Nitish’s father had to leave a steady job with Hindustan Zinc Ltd. in Visakhapatnam as he was transferred to Udaipur. Instead, he heeded the call of coaches Kangani Kumaraswamy and A Krishna Rao as it would’ve affected Nitish’s training. He opted for early retirement instead. “We struggled financially after I left the job. It was tough to manage the family. We sailed through with our savings, but we made sure Nitish got all the support,” he told TOI. Maybe it is that struggle that gives Nitish the fearlessness, the one that Bumrah noticed and appreciated.
Nitish aggregated 1,237 in the Vijay Merchant Trophy in 2017-18 – the highest that season. It got him the BCCI’s best U-16 cricketer award.
Covid-19 was a dampener, though. Nitish did not make any state team in 2019. But he did not stop training.

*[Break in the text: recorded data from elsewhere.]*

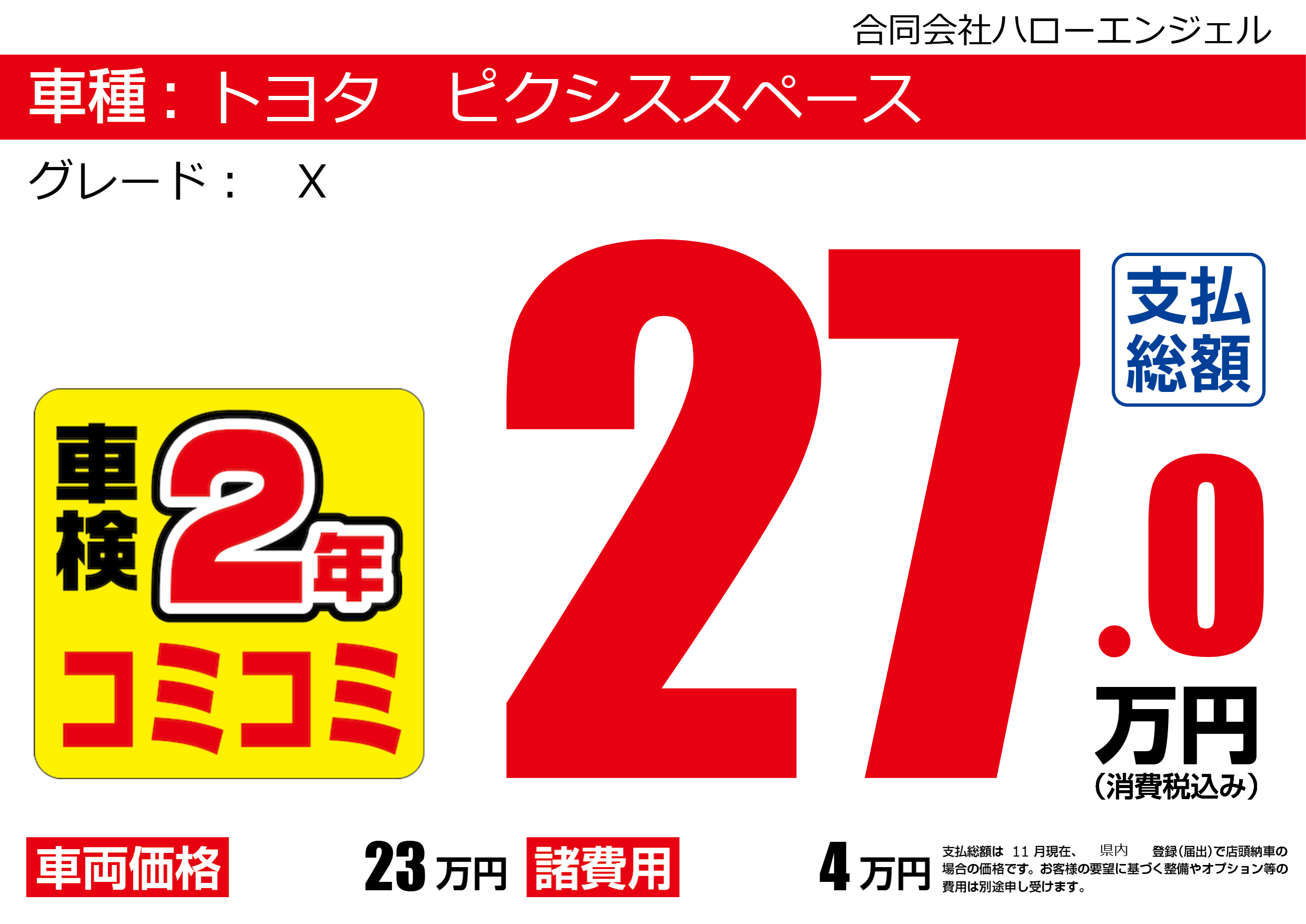 | 車名 | トヨタ ピクシススペース | グレード ミッション 排気量 |
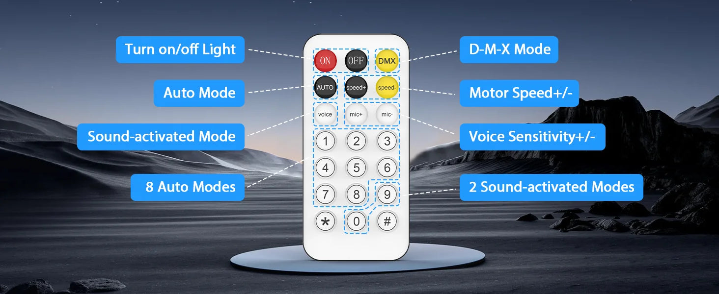 Versatile Control Options: Operate via DMX512, auto mode, sound activation, master-slave sync, or remote control for easy use at any skill level.
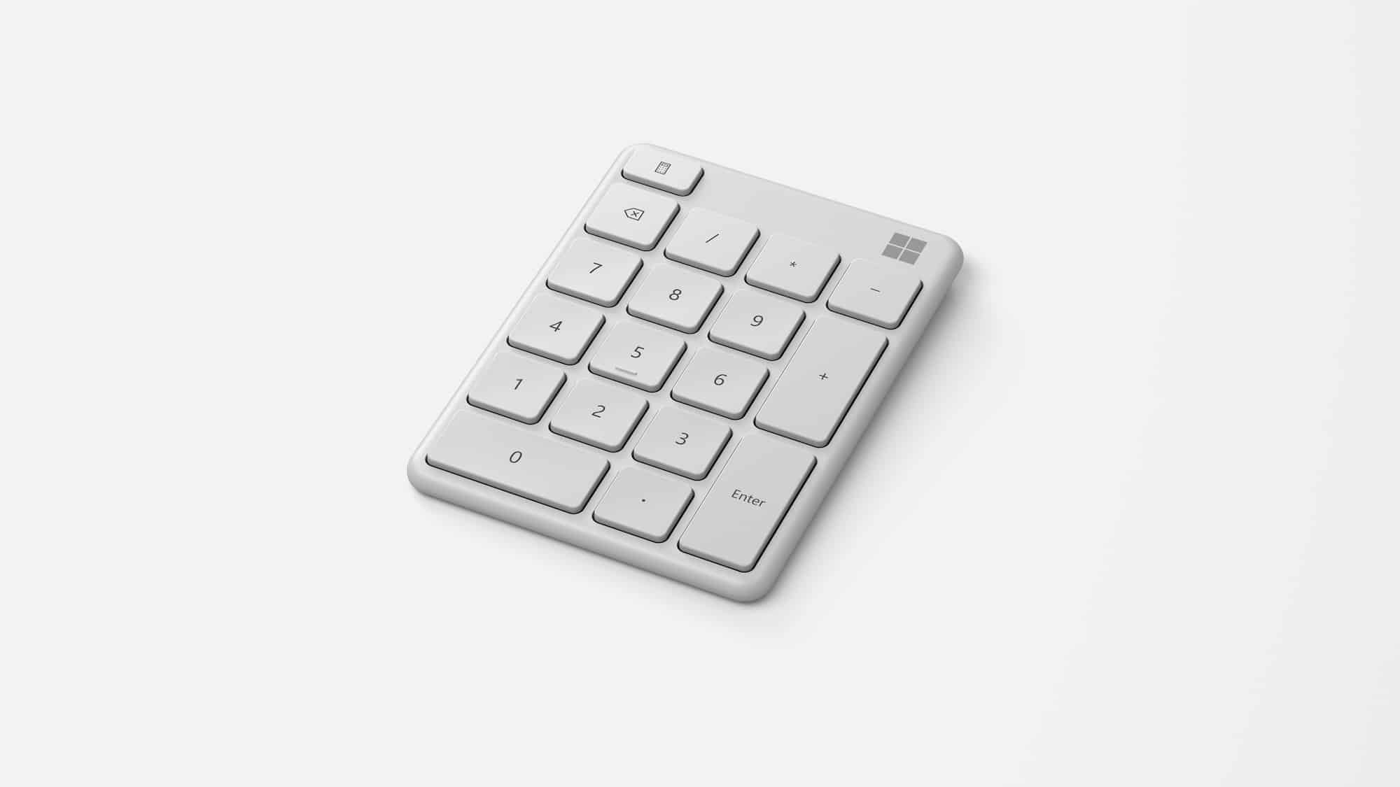 Tam teşekküllü bir klavye istemeyen veya Designer Compact Keyboard’a biraz daha özellik kazandırmak isteyenler için Microsoft, küçük ve kablosuz bir sayısal tuş takımı sunuyor. Bu tuş takımı için 24.99 dolar ödemek gerekecek.
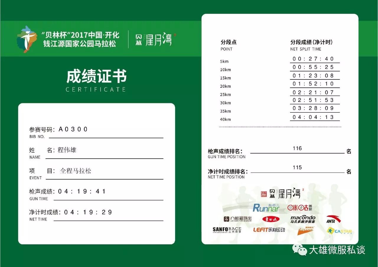 坚持就是胜利!2017年收官之战终于落下帷幕,以净成绩04:19:29取得全程所有选手排名第115名,继2月港马之后的第二好成绩,在今年一个很好的开端又有一个很好的收官,期待2018年马拉松赛季继续的坚持!
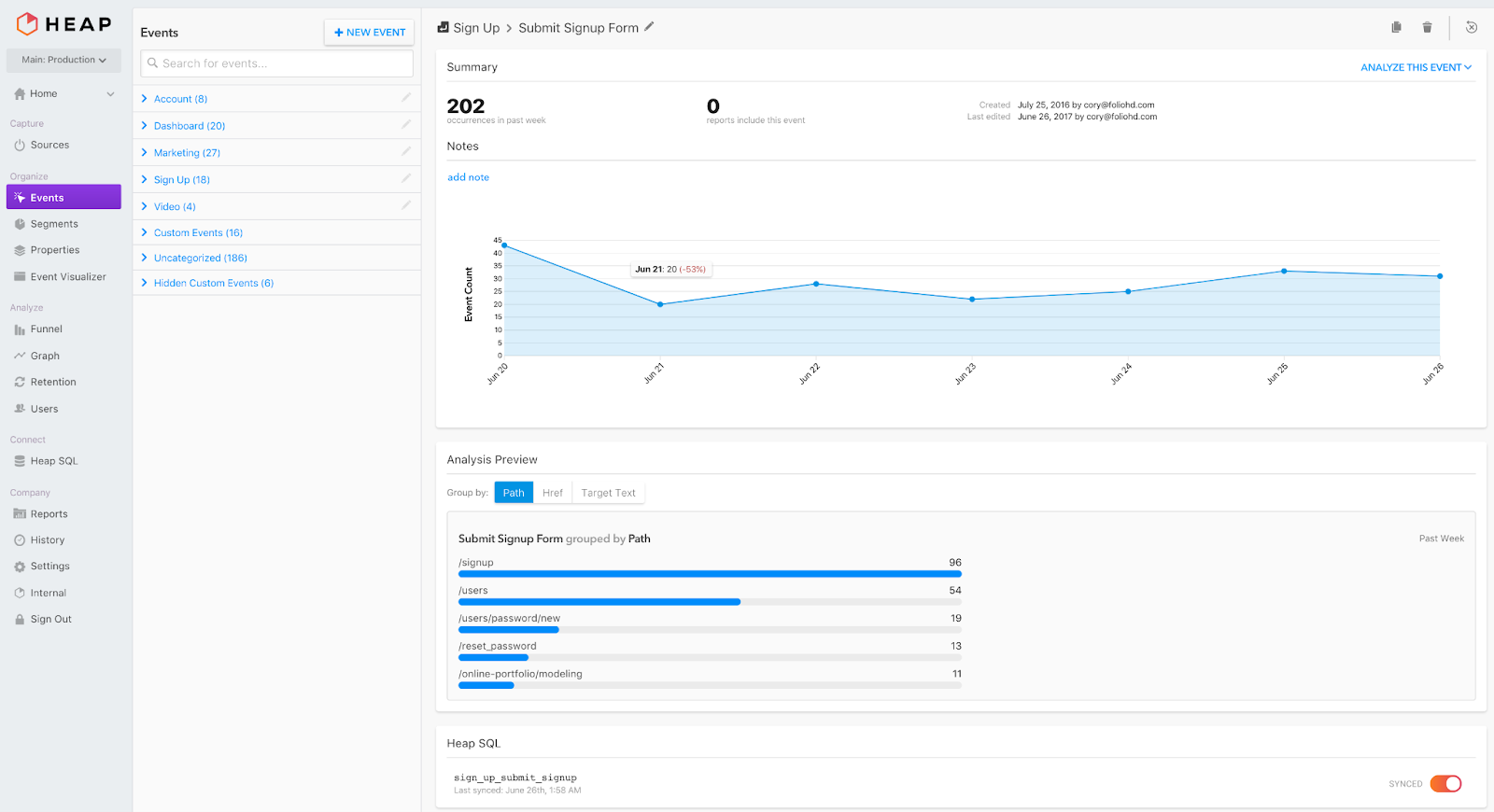Heap Analytics is a powerful behavioral analytics tool that automatically captures all user interactions on your website, including clicks, form submissions, and page views. With Heap's retroactive analytics, you can analyze data without having to set up tracking events beforehand. Heap also offers a wide range of integrations, making it easy to connect with your other marketing tools.
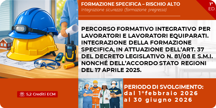 2026 – PERCORSO FORMATIVO INTEGRATIVO PER LAVORATORI E LAVORATORI EQUIPARATI. INTEGRAZIONE DELLA FORMAZIONE SPECIFICA, IN ATTUAZIONE DELL’ART. 37 DEL DECRETO LEGISLATIVO N. 81/08 E S.M.I. NONCHÉ DELL’ACCORDO STATO REGIONI DEL 17 APRILE 2025.
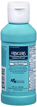 Skin wound and general skin cleansing: Thoroughly rinse the area to be cleansed with water. Apply the minimum amount of Hibiclens necessary to cover the skin or wound area and wash gently. Rinse thoroughly. Surgical hand scrub: Wet hands and forearms with water. Scrub for 3 minutes with about 5 mL of Hibiclens with a brush. Rinse thoroughly under running water. Repeat. Dry thoroughly. Personnel hand wash: Wet hands with water. Dispense about 5 mL of Hibiclens into cupped hands and wash in a vigorous manner for 15 seconds. Rinse and dry thoroughly. Preoperative skin preparation: Apply Hibiclens liberally to surgical site and swab for at least 2 minutes. Dry with a sterile towel. Repeat. Dry with a sterile towel. Store between 20-25 degrees C (68-77 degrees F). Laundering: Chlorhexidine gluconate skin cleansers will cause stains if used with chlorine releasing products. Rinse completely and use only non-chlorine detergents. See website for more details.
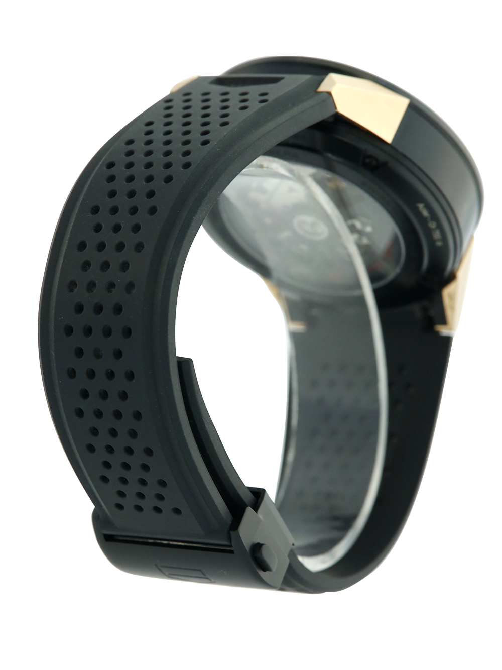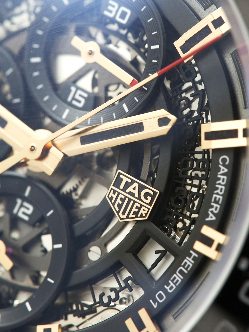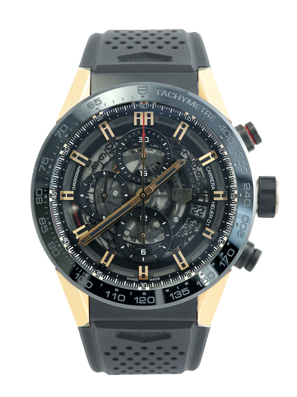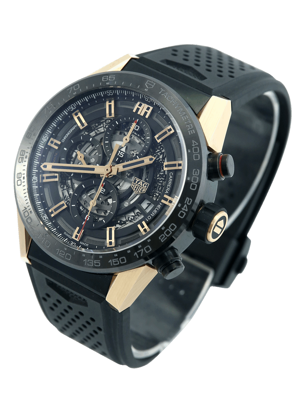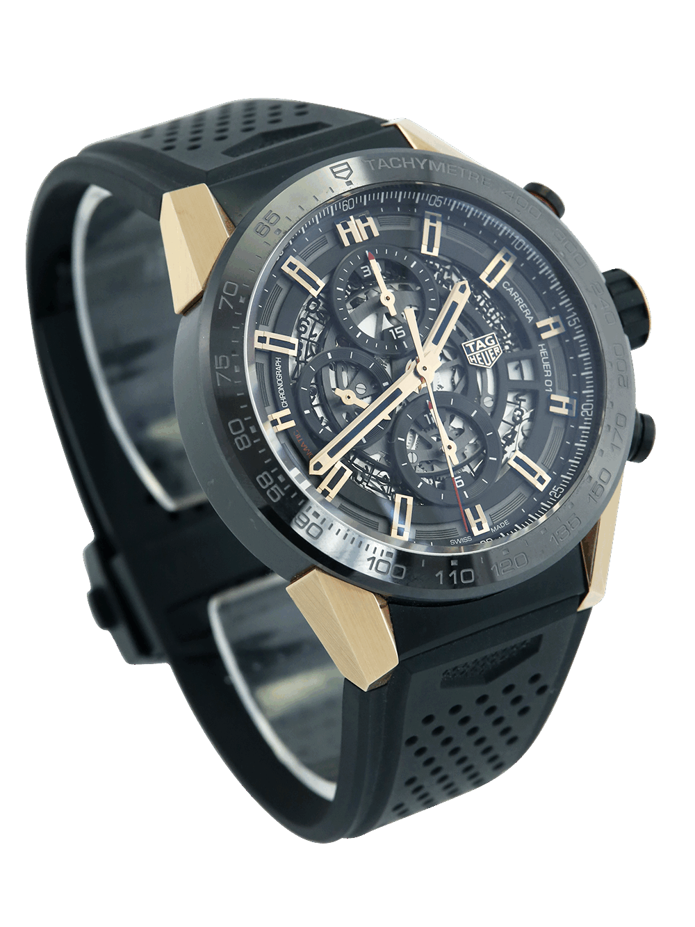 A preowned rose gold, with PVD steel case middle, 43mm case size automatic, calibre Heuer 01, Tag Heuer Carrera Chronograph CAR205A.FT6087 featuring a black skeleton dial with three sub-dials housing a date aperture in-between 3 and 4 O’clock surrounded by a black ceramic tachymetre bezel. This particular watch comes on a black rubber deployment Tag Heuer strap.
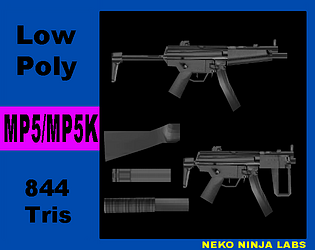 Low poly mp5 mp5k smg submachine gun game ready asset
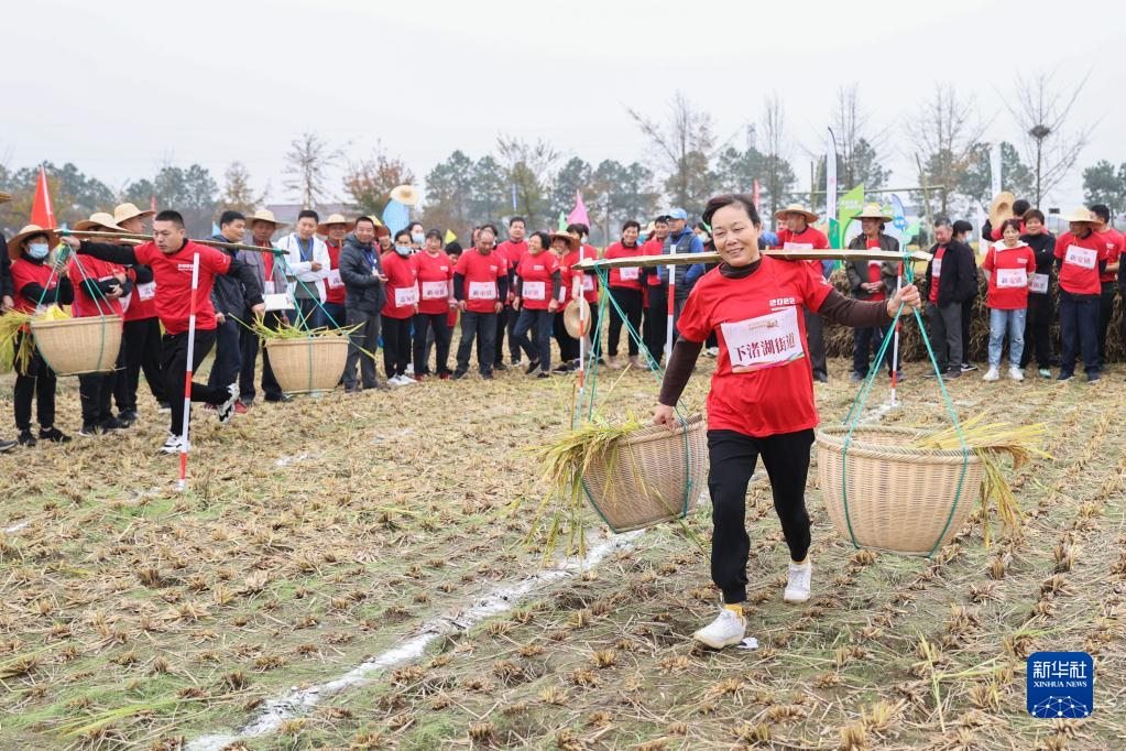 11月15日,在德清縣舉辦的美好家園運(yùn)動(dòng)會(huì)暨新安鎮(zhèn)稻田爭(zhēng)霸賽上,村民參加挑稻谷接力賽。新華社發(fā)(姚海翔 攝)

Chennai Super Kings took him as a net bowler for the IPL season 2021 and the following year, he was acquired by Sunrisers Hyderabad. He had a breakthrough season with last year’s runners-up SRH. With 303 runs, including two fifties, he won the Emerging Player of the year award and was named in the Indian T20 team for the tour of Zimbabwe.
However, a niggle made sure it was not to be. But he made the opportunity count when handed the India cap in the T20I series against Bangladesh earlier this season. The rest, we know, how it all unfolded.